En France, vous avez 5 ans pour faire valoir vos droits. Air Assist vérifie gratuitement votre dossier et réclame l'indemnité due, sans frais tant que vous n'êtes pas indemnisé.

Questions fréquentes

La compagnie m'a débarqué contre mon gré, combien puis-je toucher ?

250, 400 ou 600 € selon la distance, en indemnité immédiate, en plus du remboursement ou du réacheminement et de la prise en charge.

J'ai accepté un autre vol, ai-je encore droit à l'indemnité ?

Oui, si vous avez été refusé involontairement : accepter un réacheminement ne supprime pas l'indemnité.

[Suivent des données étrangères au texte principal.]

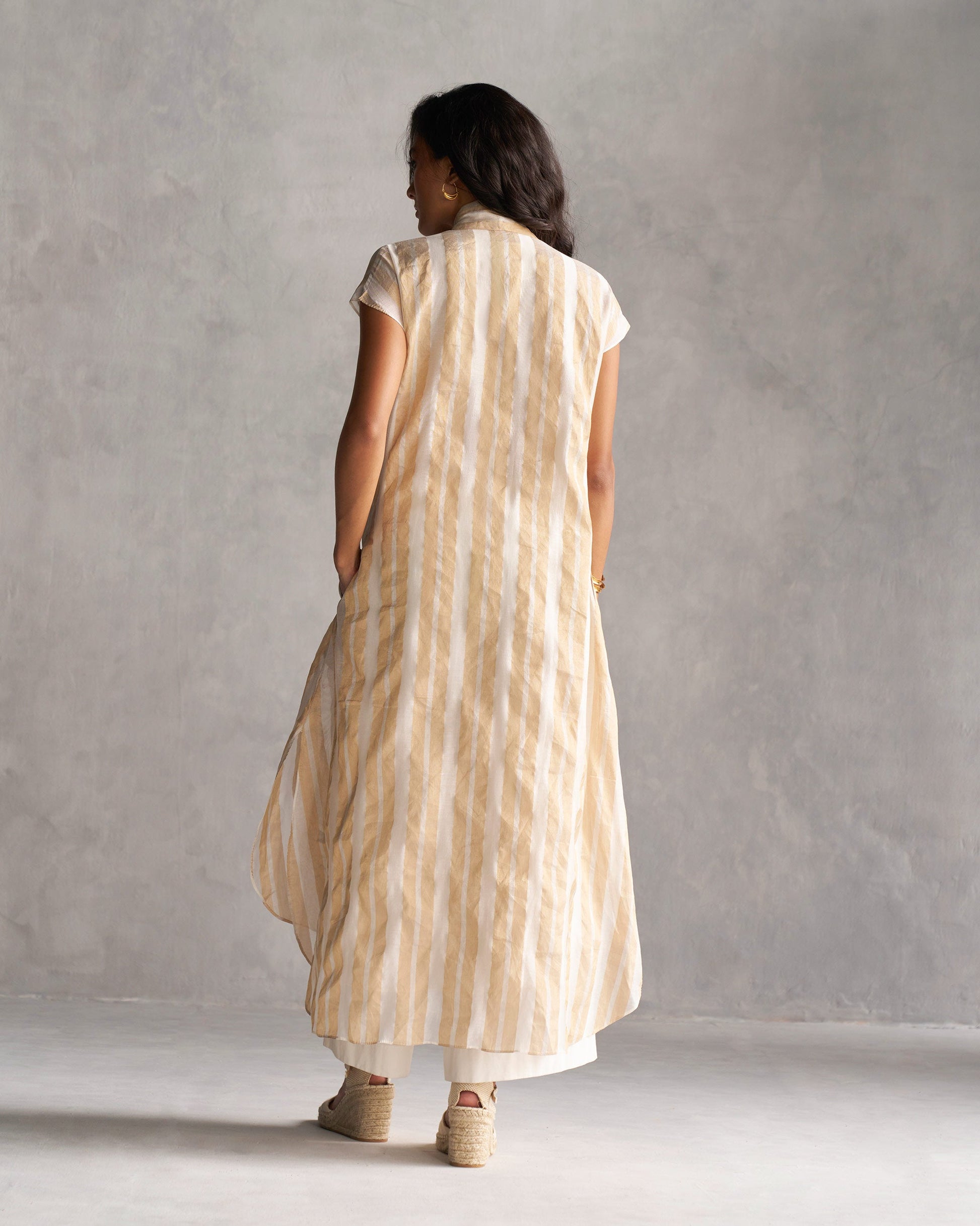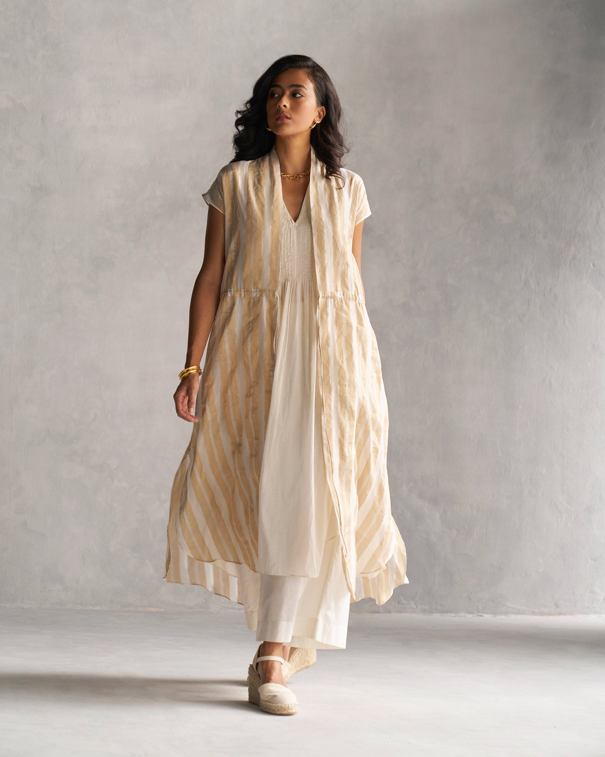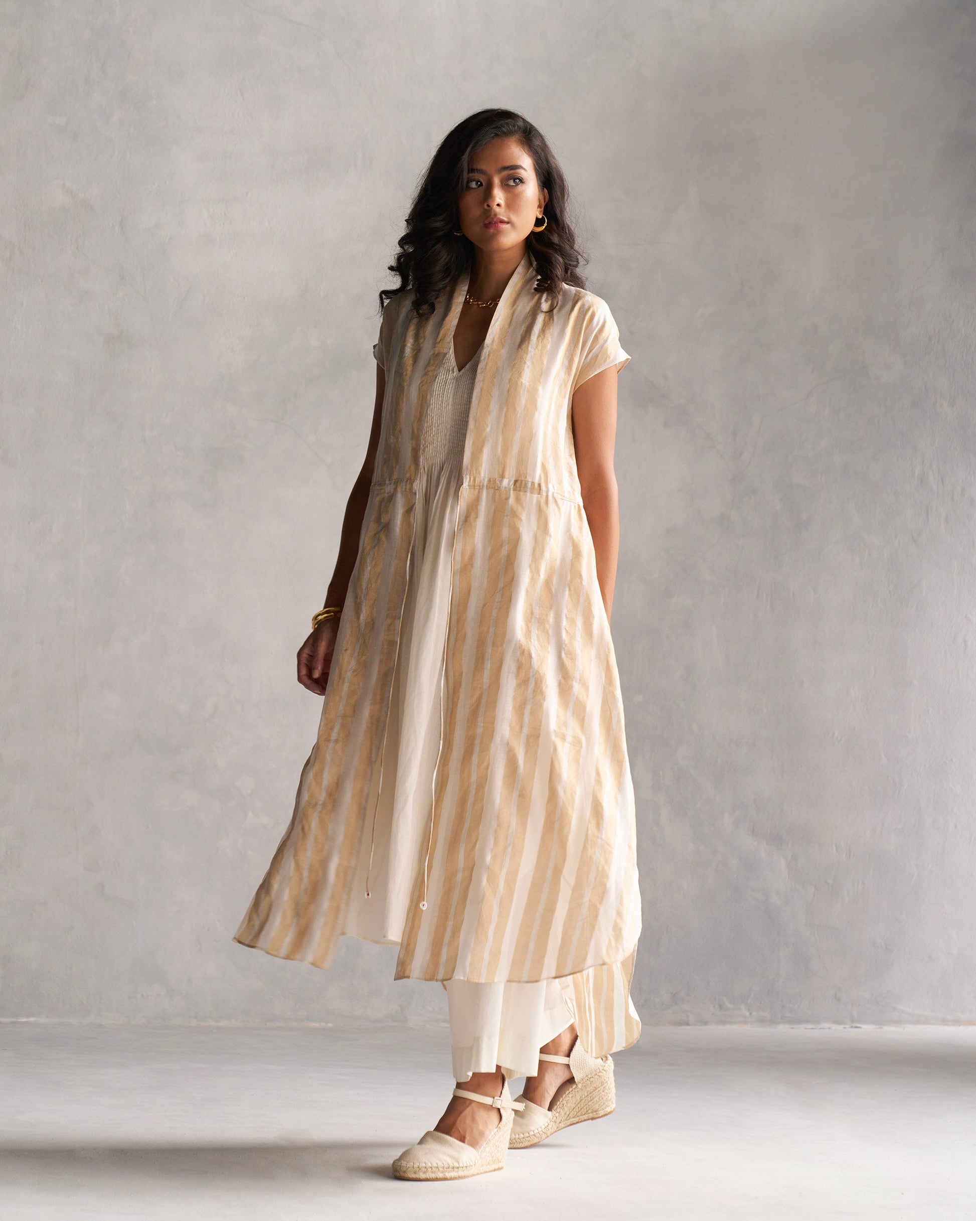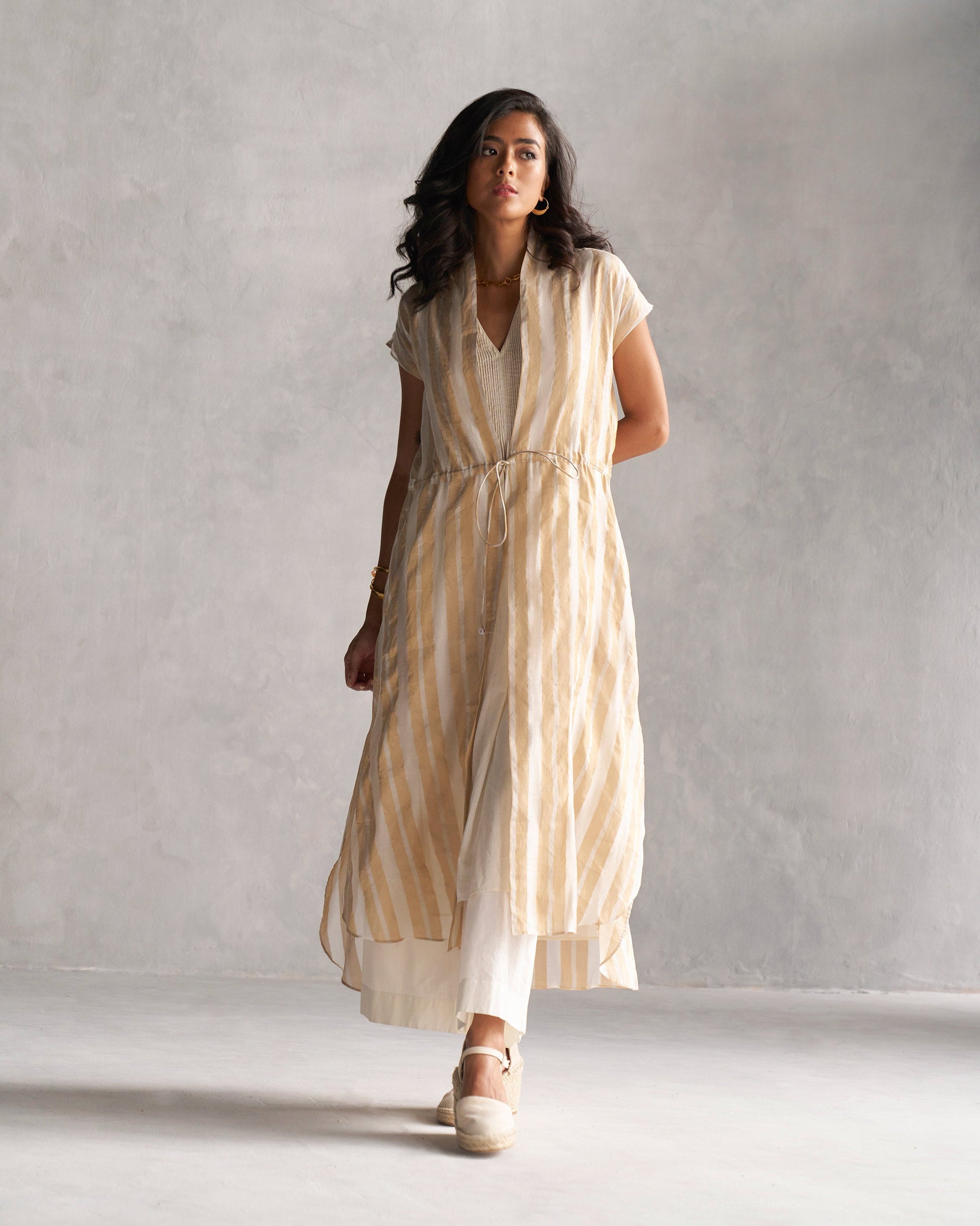 - In ivory and gold this chic overlay is your go-to staple for the festive season. Perfect for all occasions, big or small¡ªpair it with a kurta or layer with a sari to switch things up. Adjust to size with the drawstring, and keep your essentials in the pockets

Quelle différence entre volontaire et involontaire ?

Un volontaire négocie librement une compensation et renonce à l'indemnité légale ; un passager refusé contre son gré conserve son droit à l'indemnité forfaitaire.

Que faire sur le moment ?

Demandez une confirmation écrite du refus et de son motif, gardez carte d'embarquement et réservation, et ne signez pas un bon sans vérifier vos droits.